Nonetheless, there must always be an a priori reason to orthogonalise one regressor with respect to others in MLR (i.e, effectively assigning the shared variance to the other regressors). One could argue that main effects always have priority over interactions, but I would argue that this is again domain-specific knowledge, and in principle interactions are as interesting as main effects.

The relative power of interactions versus main effects in multiple
linear regression depends on a number of considerations, such as the
range of each regressor, the correlation between them, whether there is
additional measurement noise in regressor values, and whether
significance is assessed with simultaneous or sequential testing.

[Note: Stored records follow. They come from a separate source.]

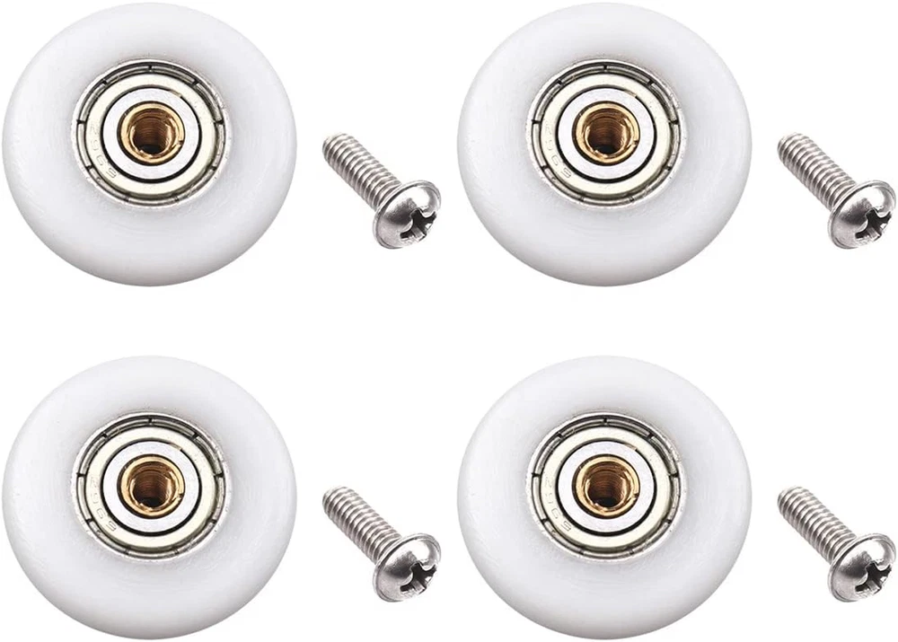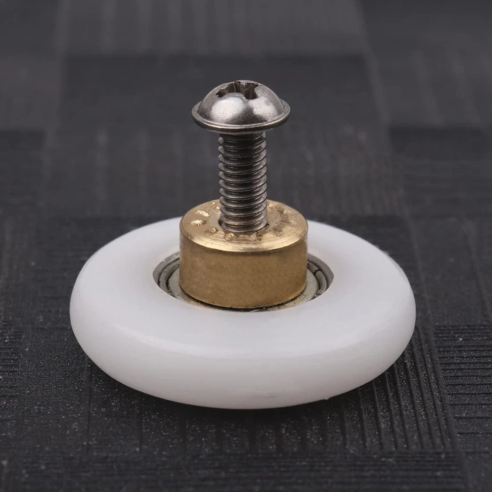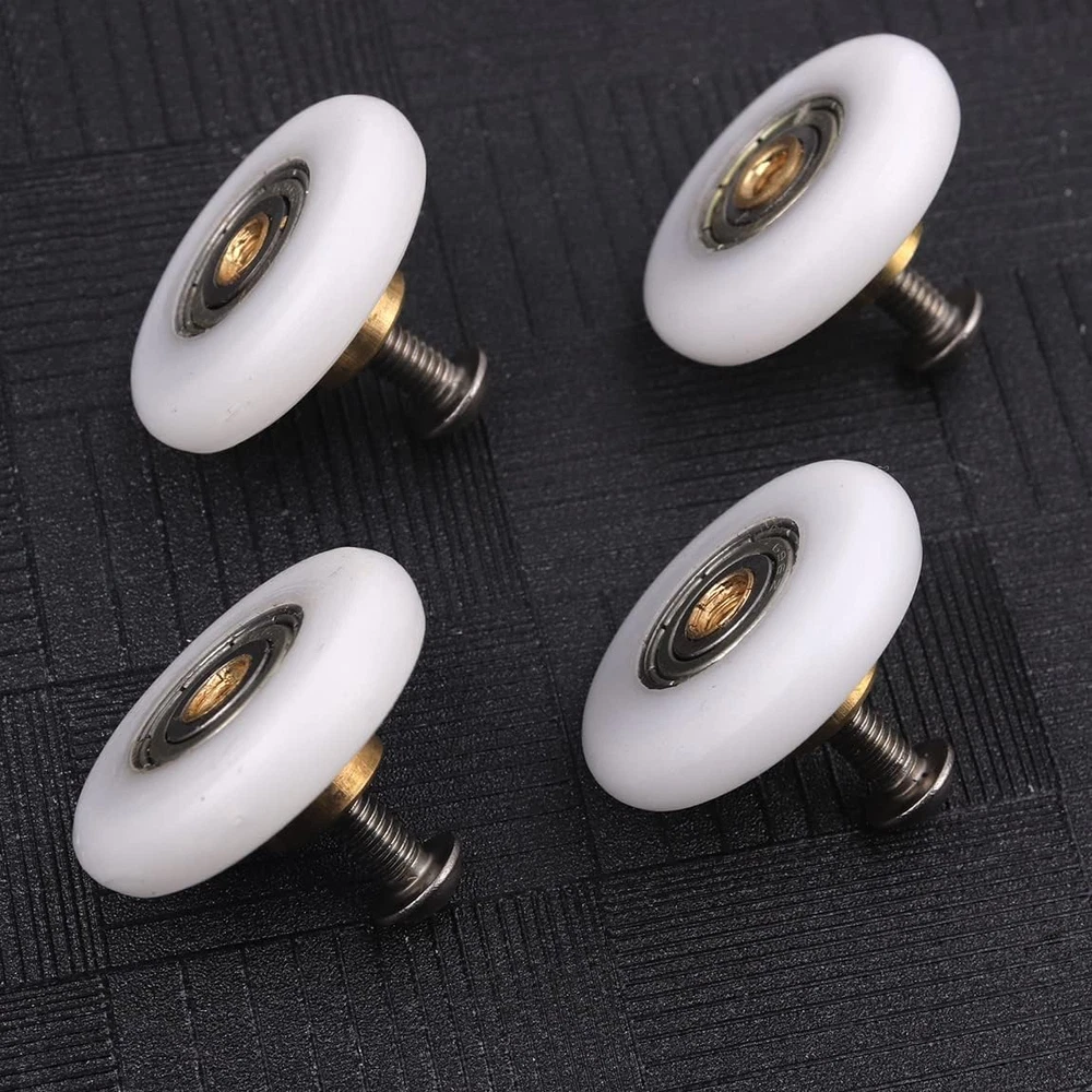 1. The Shower Door Rollers is made of copper and POM wheel, and the screw is made of stainless steel, which is corrosion-resistant, rust-proof and has good comprehensive performance. 2. The Shower Door Rollers has strong bearing capacity and good stability; the friction coefficient is small and the mute effect is good. 3. Easy to install, often used for bathroom glass sliding door pulleys/rails. Roller wheel diameter:23mm Comes with screws, suitable for 4-6mm thick shower doors. Roller wheel inner hole: 4mm, fixed with M4 screws. Roller wheel thickness: 5.8mm, Package included: 4 pcs Shower Door Rollers Runners Wheels (Note: Please measure the size you need before buying to choose the right size.) Product Description Note: Please measure the size you need before buying to choose the right size. Atoplee 4 pcs Shower Door Rollers Runners Wheels - Replacement Part Bathroom Glass Door Runner Sliding Shower Door Roller Wheel -Roller Diameter 23mm The Shower Door Rollers is made of copper + POM wheel, and the screw is made of stainless steel, which is corrosion-resistant, rust-proof and has good comprehensive performance. The Shower Door Rollers has strong bearing capacity and good stability; the friction coefficient is small and the mute effect is good. Easy to install, often used for bathroom glass sliding door pulleys/rails. Roller wheel diameter:23mm Comes with screws, suitable for 4-6mm thick shower doors. Roller wheel inner hole: 4mm, fixed with M4 screws. Roller wheel thickness: 5.8mm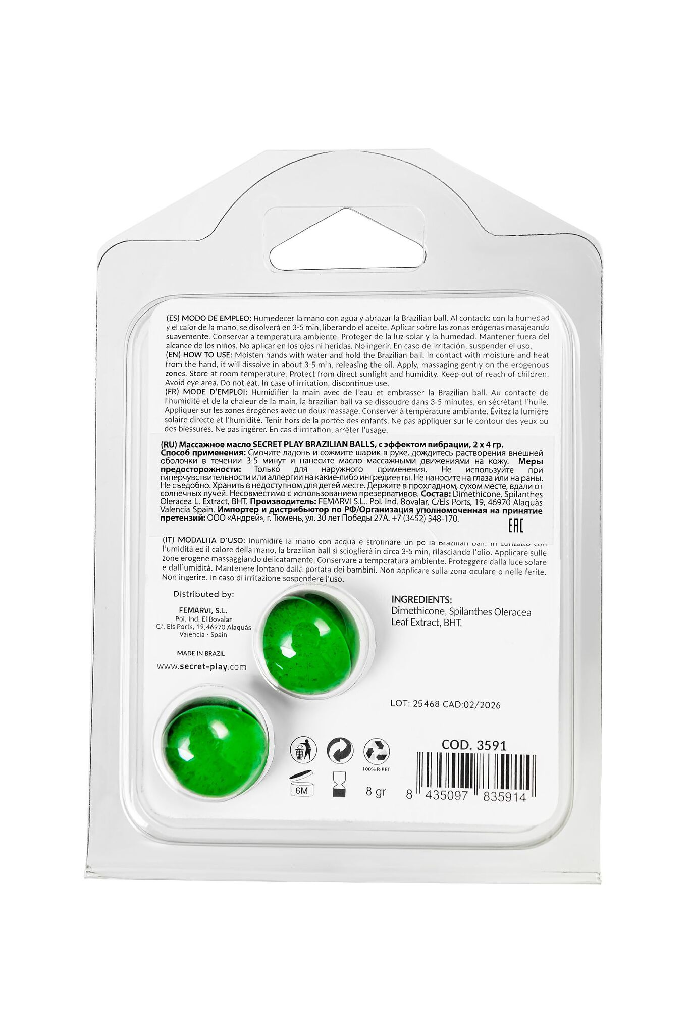 Массажные шарики Brazilian Balls, 2шт по 4г, вибрационный эффект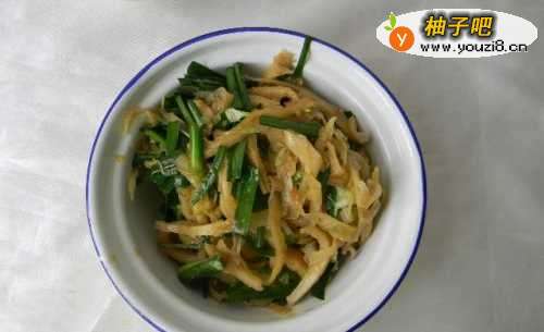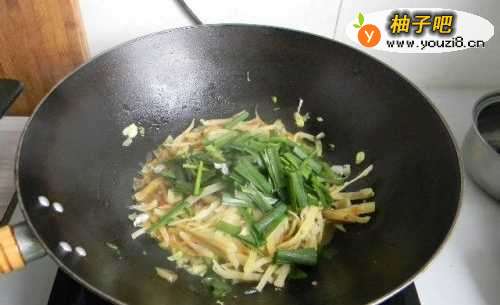 10放入韭菜段。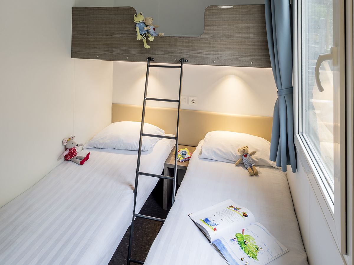 Le mobil-home Comfort a 2 chambres. La chambre des parents dispose d’un grand lit 200 x 140 cm. La disposition des lits dans la deuxième chambre varie d’un camping à l’autre : soit un petit lit et des lits supposés (75 kg max.), soit 2 petits lits et un lit mural. Certains campings ont seulement des lits superposés. Dans ce cas, le canapé du salon se convertit en lit. Une barrière de lit est fournis et les fenêtres des chambres sont munies de moustiquaires. Les couettes 1 personne et les oreillers sont fournis.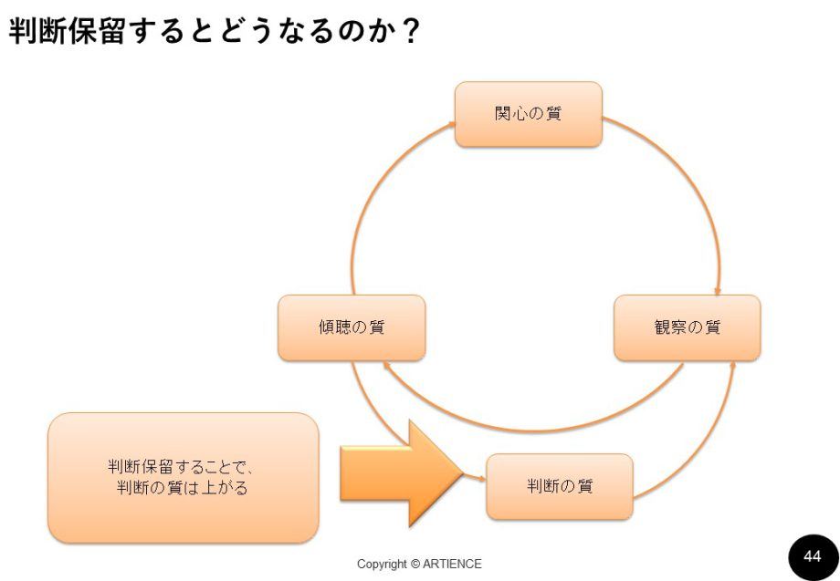判断保留とは、良い悪い・好き嫌いといった評価をすぐに下さず、まずはありのままを受け止めて観ることです。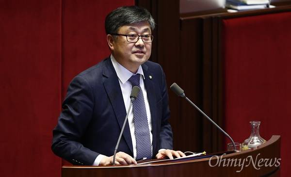 | ▲ 최원식 국민의당 의원이 지난달 29일 오전 국회에서 테러방지법 저지를 위한 무제한 토론(필리버스터)을 26번째로 이어가고 있다. |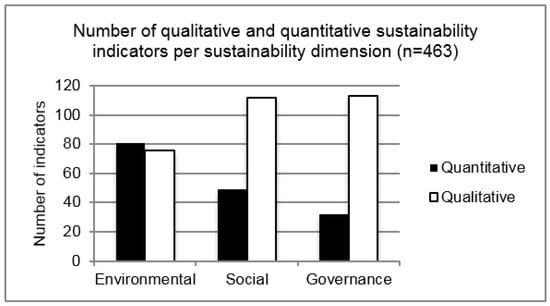Number of qualitative and quantitative indicators used as basis for the indicator developed per sustainability dimension (n = 463).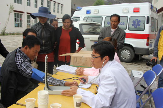 通過(guò)為尼木縣鄉(xiāng)村小學(xué)老師們的體檢,董發(fā)善醫(yī)生說(shuō):“大部分老師都患有血管神經(jīng)性頭疼和不同程度的胃病和膽囊疾病。這是由于在鄉(xiāng)村學(xué)校中,老師們工作繁忙,經(jīng)常忘記吃飯或者到了吃飯的時(shí)候就湊合吃幾片風(fēng)干肉,喝幾杯酥油茶。這是造成鄉(xiāng)村老師腸胃和膽囊疾病的原因。此外,由于老師們經(jīng)常站著講課,腰椎疾病的患病率比其他行業(yè)的要高。”在體檢的同時(shí),醫(yī)護(hù)人員還向老師們發(fā)放了常見(jiàn)疾病預(yù)防知識(shí)的宣傳材料。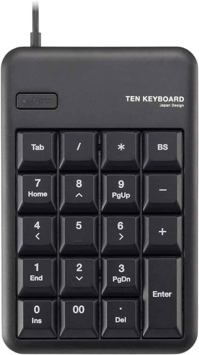 EU RoHS指令準拠(10物質)し、環境に配慮したパッケージを採用。Excelに便利な[Tab]キー付きで、ノートパソコンでの使用に最適なスタンダードUSBテンキーボード。■インターフェイス:USB ■コネクタ形状:USB[A] ■対応機種:USBポートを装備したWindows OS搭載機 ■対応OS:Windows 11、Windows 10、Windows 8〜8.1、Windows RT〜RT8.1、Windows 7(SP1)、Windows Vista(SP2)、Windows XP(SP3) ■カラー:ブラック ■キータイプ:メンブレン ■キー配列:20キー ■キーピッチ:19mm ■キーストローク:2.3mm ■電源方式:USBバスパワー ■ケーブル長:0.5m ■外形寸法:幅90×奥行140×高さ23.5mm(ケーブル除く) ■質量:約110g ■保証期間:6カ月 ■VCCI classB対応:○

Notwithstanding the caveats mentioned at the start of this piece (e.g,
equal effect sizes), I would argue that, in experimental designs, where
the scaling of factors is arbitrary (ordinal), and main effects and
interactions are orthogonal by design, interactions are equivalent in
their power to main effects, assuming all are either measured within- or
between-subjects (and when one factor is measured within-subject, the
interaction involving that factor gains the same power advantage over
between-subject effects). For field designs, with continuous, measured
variables, I would argue that interactions still do not
*necessarily* have less power, but they can when 1) there is
measurement noise in the variables, 2) when the variables have a
meaningful scale (such that their standardisation is inappropriate) and
their range of values is low, or 3) sequential testing is employed such
that interaction terms are effectively de-emphasised by orthogonalising
(residualising) them with respect to (correlated) main effects.